Monday, August 17, 2015

Did KY Health Cooperative lie to New York Times?

A weekend New York Times article about ObamaCare co-ops falling short of rosy federal projections shines an unwanted spotlight on the insolvent Kentucky Health Cooperative, but grossly understates the desperate condition of the non-profit "public option."

"The Kentucky plan lost $50 million last year, more than any other insurance co-op," the article states, "as it paid out $1.25 in claims for every dollar it collected in premiums."

As sloppy journalism seems to be the order of the day with regard to mainstream coverage of ObamaCare, no source for these data points is provided.

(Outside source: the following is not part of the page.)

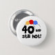 Primary colours balloons and black text that reads "40 and still hot!" on 40th birthday T-shirts, mugs, buttons, cards, and other birthday gear!

While the $50.4 million loss of 2014 has been well-documented, the $1.25 claims/premiums ratio contradicts the co-op's own actuarial filing placed with federal authorities.

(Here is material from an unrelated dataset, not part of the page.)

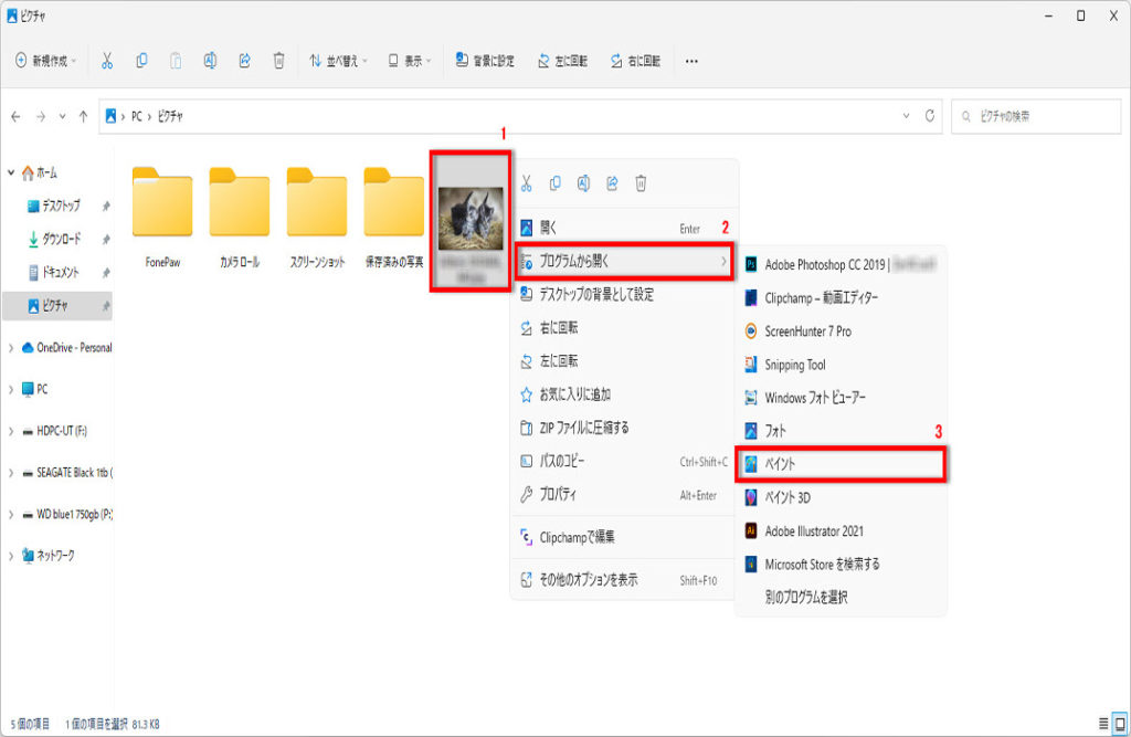 1 写真ファイルを右クリック

"The rate increase will positively impact the plan’s experience with the historical experience reflecting a ratio of earned premium of $173.2 million to total paid and incurred claims of $349.4 million for 2014," the co-op reported quietly to authorities in June.

Frankfort Obamacrats' may think nothing of underreporting a favorite spending entity's annual losses by more than $130 million and using the "newspaper of record" in their attempt to keep up appearances, but this is precisely the kind of behavior Kentuckians need to eradicate before it is too late.